The most immediate structuring option for LBOs is the use of a Hong Kong-incorporated special purpose vehicle (SPV) as the acquisition vehicle, with the target’s Hong Kong operations ring-fenced through a separate shareholder or asset transfer structure. Under Hong Kong company law (Cap. 622, Section 115), a company may issue shares with different rights, allowing the SPV to allocate voting rights and economic interests in a manner that avoids triggering the transaction value threshold. For example, the SPV could issue non-voting shares to the PE fund and voting shares to a minority co-investor with no Hong Kong turnover, keeping the transaction value attributable to the acquirer below the HKD 2 billion threshold. This structure is common in UK merger control practice under the Enterprise Act 2002 but is less established in Hong Kong. The Commission’s consultation paper explicitly states that it will consider “the economic reality of the transaction” rather than its legal form, meaning that artificial structuring to avoid thresholds may be challenged.
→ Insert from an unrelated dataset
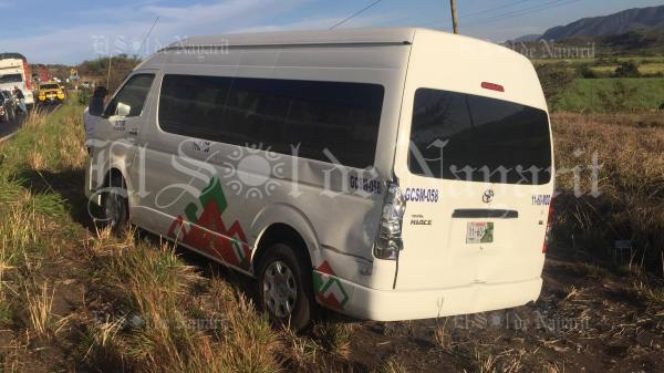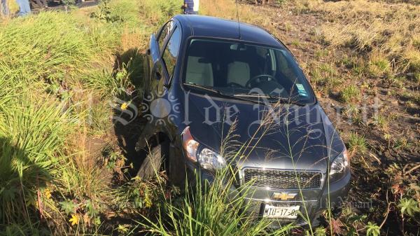 Sin embargo, el automóvil gris no se volcó, ya pegó con el techo en la combi que pasó en esos instantes, pero terminó saliéndose de la cinta asfáltica.

Post-Completion Integration and Conduct Risks

Even if a transaction clears the merger control review, post-completion conduct remains subject to the First and Second Conduct Rules. An LBO that results in a post-acquisition market share above 40% in a Hong Kong market — such as a PE firm consolidating two competing retail chains in the same district — creates a risk of abuse of substantial market power under Section 21 of Cap. 619. The Commission’s 2023-24 annual report notes that it initiated 2 investigations into abuse of substantial market power in the 2023-24 financial year, both in the property management sector. For LBOs of Hong Kong property or retail companies, post-completion pricing strategies, supplier exclusivity arrangements, and tenant lease negotiations must be reviewed against the Second Conduct Rule to avoid investigation.

Actionable Takeaways for LBO Practitioners

  1. Conduct a jurisdiction-by-jurisdiction merger control mapping for every Hong Kong LBO target with cross-border operations, including SAMR, EU, and US thresholds, before signing the SPA — the Hong Kong regime is not the only filing obligation.
  2. Model the impact of a 15-week Phase II review on the LBO financing structure, including bridge loan pricing, commitment fees, and covenant headroom, and negotiate extension options in the debt commitment letter.
  3. Structure the acquisition SPV to minimize Hong Kong transaction value attribution by allocating voting rights to a low-turnover co-investor, but ensure the structure passes the Commission’s “economic reality” test under the proposed regime.
  4. Review post-completion integration plans for any Hong Kong market where the combined entity will hold a 40% or higher market share, and implement a competition law compliance program covering pricing, exclusivity, and information exchange.
  5. Engage with the FSTB’s consultation process directly through the Hong Kong Venture Capital and Private Equity Association (HKVCA) to advocate for an LBO-specific exemption or expedited review track in the proposed regime.